* _TASK TO COMPLETE_:
Copy exactly the line containing "미디어아워 이다정 기자" and all the lines that follow it to the end of the records, minus the pictures.

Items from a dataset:
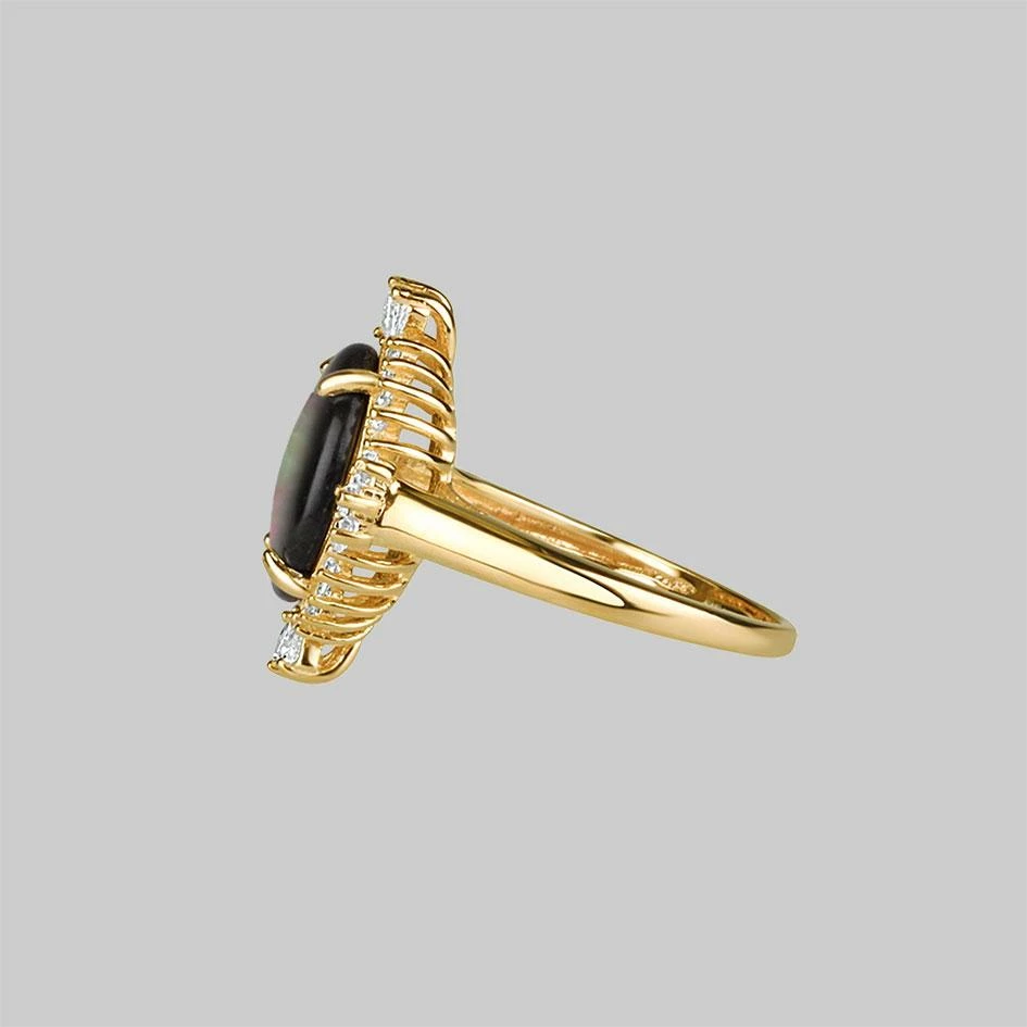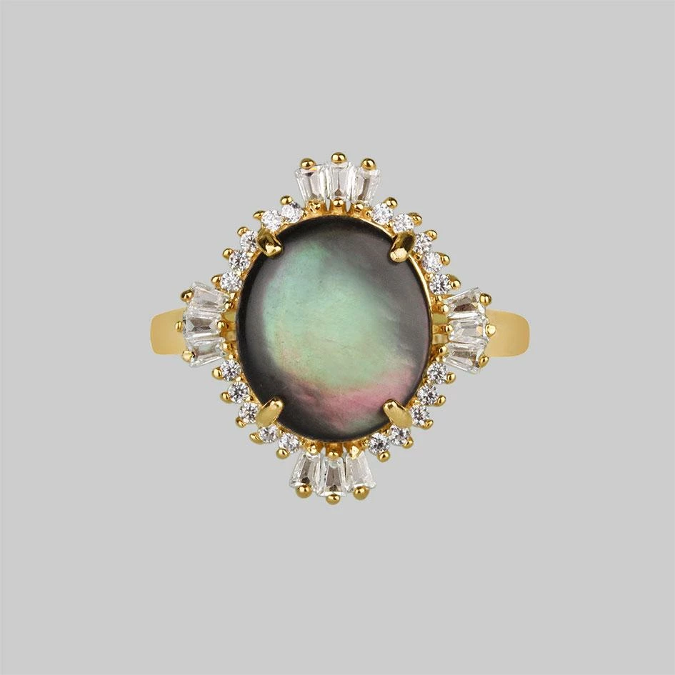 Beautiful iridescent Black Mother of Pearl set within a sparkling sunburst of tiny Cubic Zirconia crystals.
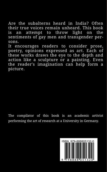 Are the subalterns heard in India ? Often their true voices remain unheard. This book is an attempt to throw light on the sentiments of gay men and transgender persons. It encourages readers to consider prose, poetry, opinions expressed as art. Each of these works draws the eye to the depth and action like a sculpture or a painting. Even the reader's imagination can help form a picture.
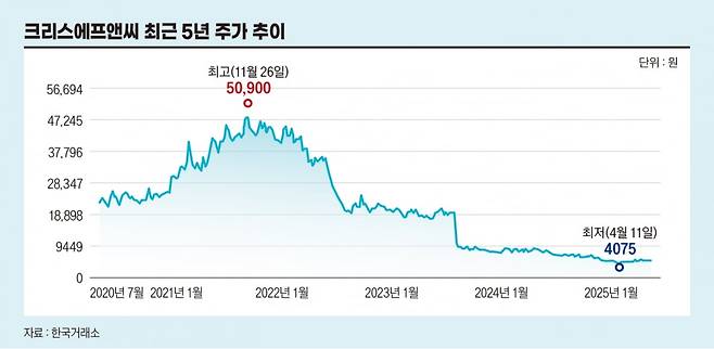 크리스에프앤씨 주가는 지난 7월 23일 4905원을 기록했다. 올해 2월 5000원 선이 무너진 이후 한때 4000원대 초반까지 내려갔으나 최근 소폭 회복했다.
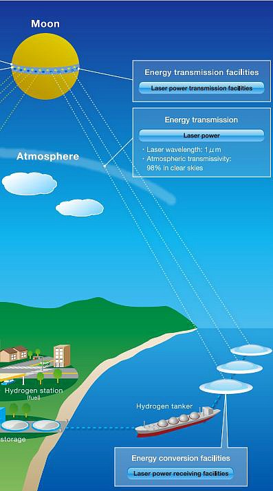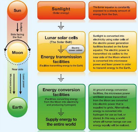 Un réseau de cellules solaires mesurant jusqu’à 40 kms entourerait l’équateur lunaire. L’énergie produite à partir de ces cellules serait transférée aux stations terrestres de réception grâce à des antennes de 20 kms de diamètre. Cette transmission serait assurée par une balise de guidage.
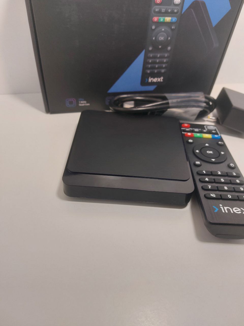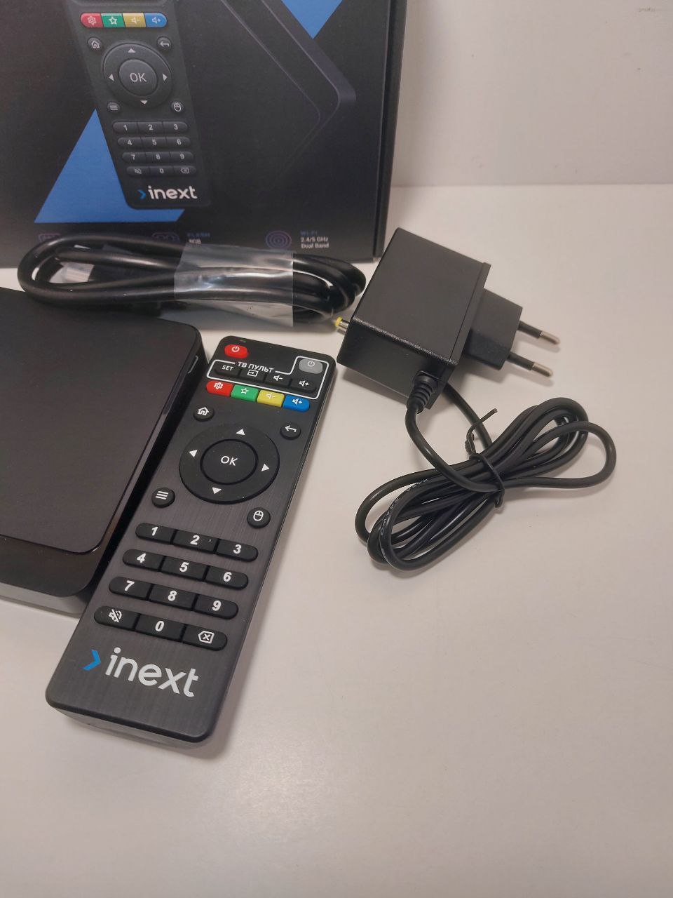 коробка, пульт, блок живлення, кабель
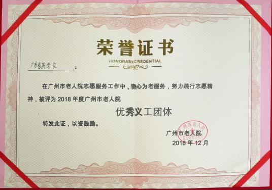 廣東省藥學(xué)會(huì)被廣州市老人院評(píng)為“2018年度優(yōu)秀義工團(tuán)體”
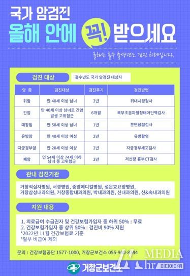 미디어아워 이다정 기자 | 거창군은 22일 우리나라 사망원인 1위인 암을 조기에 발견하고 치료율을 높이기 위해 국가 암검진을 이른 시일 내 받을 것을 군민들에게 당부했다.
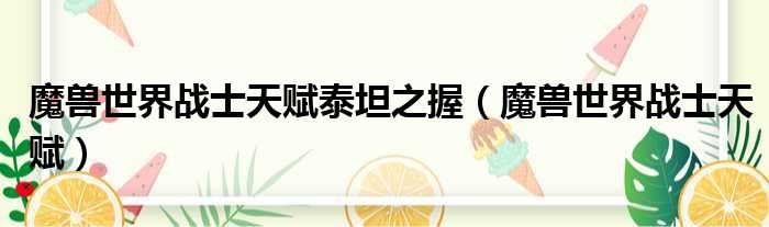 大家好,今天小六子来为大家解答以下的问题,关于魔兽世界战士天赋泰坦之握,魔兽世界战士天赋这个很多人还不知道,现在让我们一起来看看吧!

* _TASK RESPONSE_:
 미디어아워 이다정 기자 | 거창군은 22일 우리나라 사망원인 1위인 암을 조기에 발견하고 치료율을 높이기 위해 국가 암검진을 이른 시일 내 받을 것을 군민들에게 당부했다.
 大家好,今天小六子来为大家解答以下的问题,关于魔兽世界战士天赋泰坦之握,魔兽世界战士天赋这个很多人还不知道,现在让我们一起来看看吧!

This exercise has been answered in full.